▸ Instructions to follow: With the pictures left aside, write out exactly the lines of the listing below from the line with "Trio petisqueira cerâmica e madeira nude" to the line with "شاحن سيارة متعدد", both included, and only those.

▸ Data to use:
━━━━━━

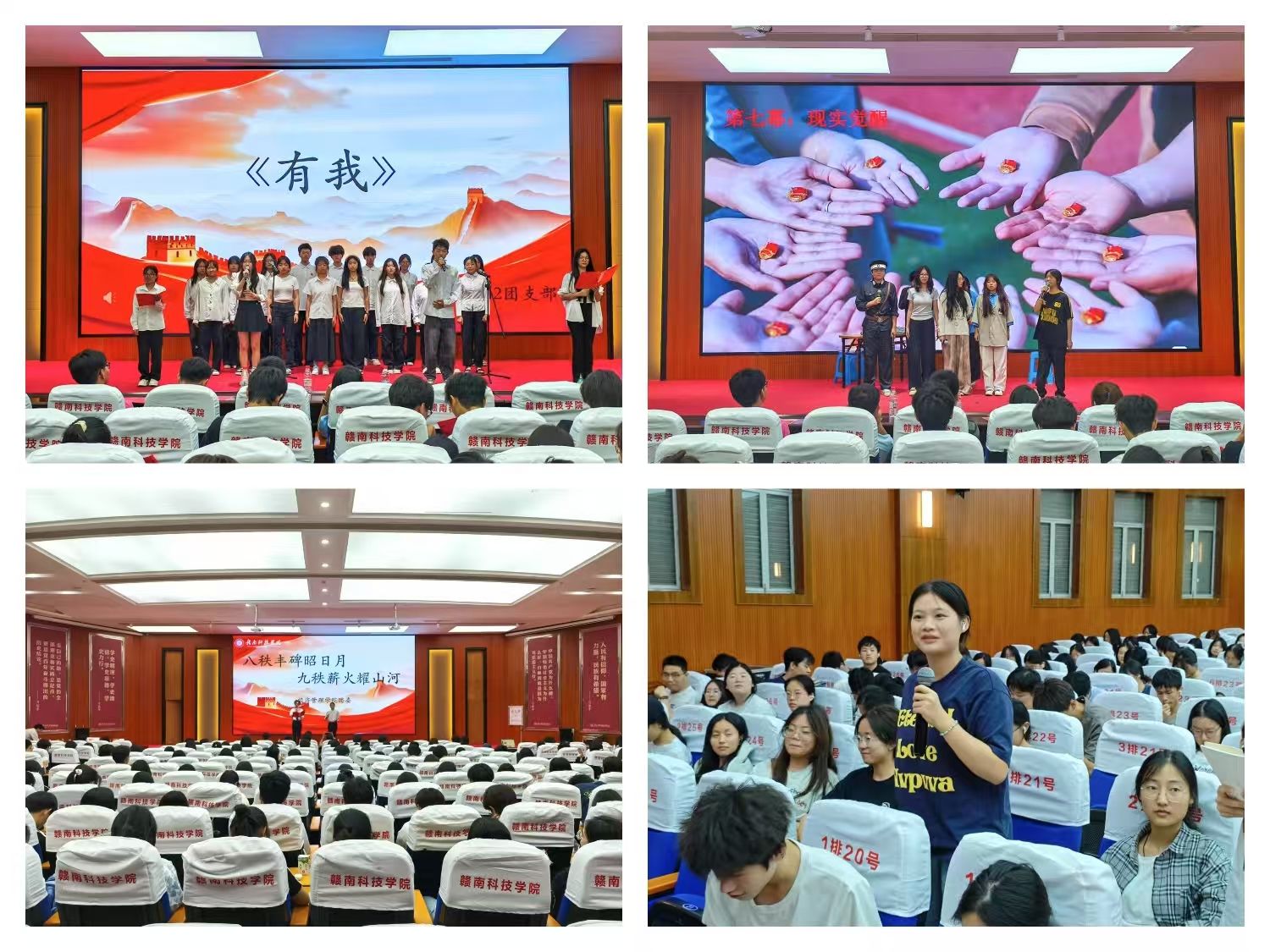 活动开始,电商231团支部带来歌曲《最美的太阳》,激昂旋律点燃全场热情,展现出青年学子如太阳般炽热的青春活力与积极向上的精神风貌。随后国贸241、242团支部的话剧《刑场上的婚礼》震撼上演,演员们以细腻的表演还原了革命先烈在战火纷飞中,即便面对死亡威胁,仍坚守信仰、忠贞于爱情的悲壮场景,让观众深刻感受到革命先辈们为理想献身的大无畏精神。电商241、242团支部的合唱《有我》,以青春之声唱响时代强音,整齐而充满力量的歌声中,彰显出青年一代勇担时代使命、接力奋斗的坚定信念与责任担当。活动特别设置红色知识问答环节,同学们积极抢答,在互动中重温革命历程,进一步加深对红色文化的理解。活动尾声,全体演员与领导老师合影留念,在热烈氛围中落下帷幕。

━━━━━━

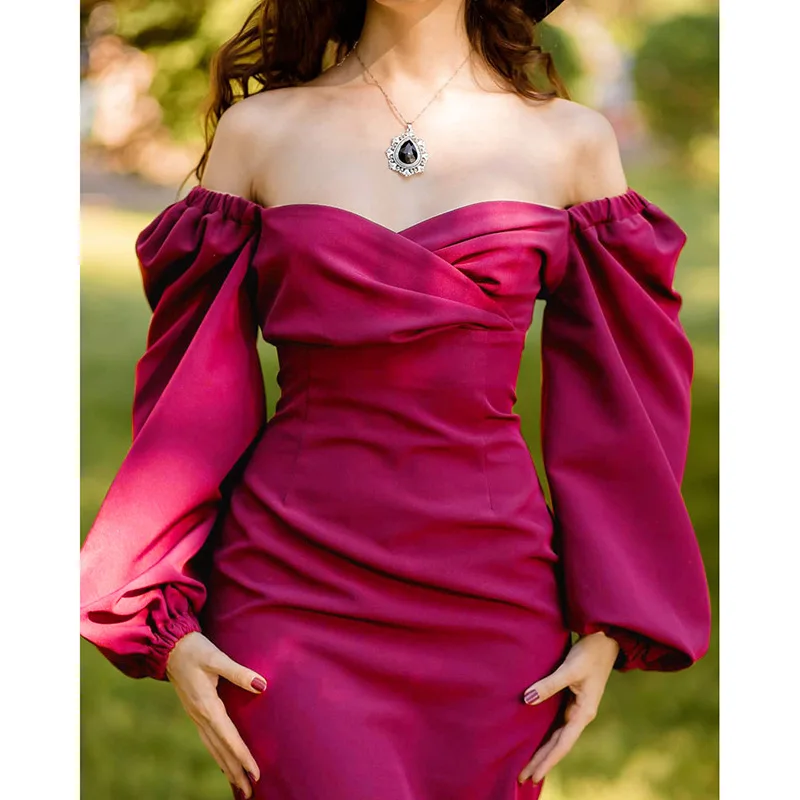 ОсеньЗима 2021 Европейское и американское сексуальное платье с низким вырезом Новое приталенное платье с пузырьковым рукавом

━━━━━━

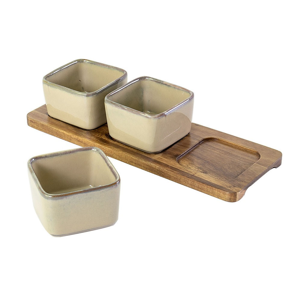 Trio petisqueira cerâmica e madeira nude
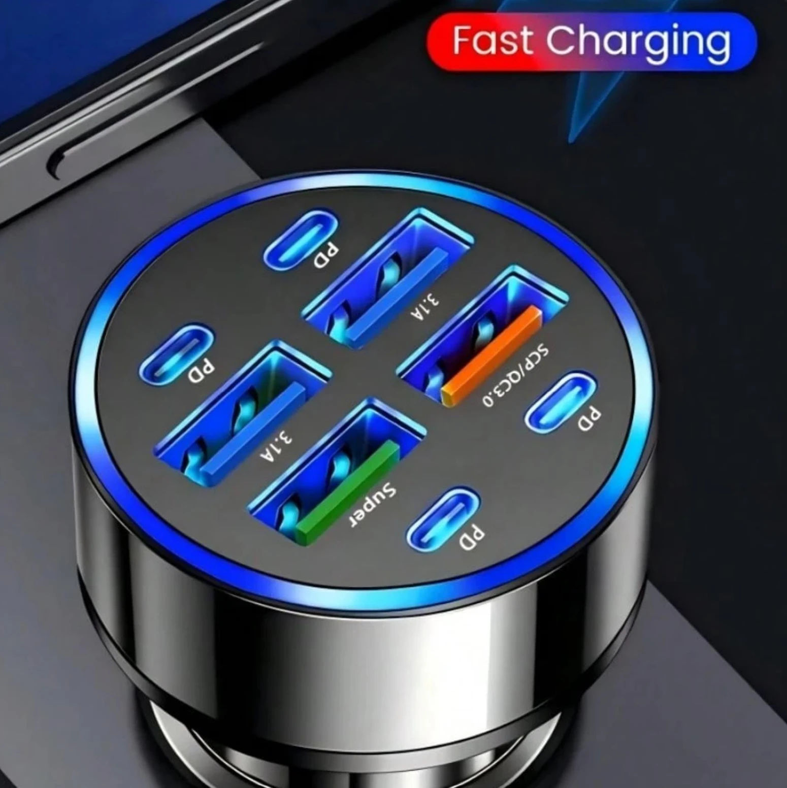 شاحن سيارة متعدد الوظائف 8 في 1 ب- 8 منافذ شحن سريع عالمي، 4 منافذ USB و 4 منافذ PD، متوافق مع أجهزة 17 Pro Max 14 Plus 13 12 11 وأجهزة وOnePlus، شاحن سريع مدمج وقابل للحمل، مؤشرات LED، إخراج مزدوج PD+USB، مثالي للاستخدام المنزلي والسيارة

━━━━━━

▸ Task solution:
 Trio petisqueira cerâmica e madeira nude
 شاحن سيارة متعدد الوظائف 8 في 1 ب- 8 منافذ شحن سريع عالمي، 4 منافذ USB و 4 منافذ PD، متوافق مع أجهزة 17 Pro Max 14 Plus 13 12 11 وأجهزة وOnePlus، شاحن سريع مدمج وقابل للحمل، مؤشرات LED، إخراج مزدوج PD+USB، مثالي للاستخدام المنزلي والسيارة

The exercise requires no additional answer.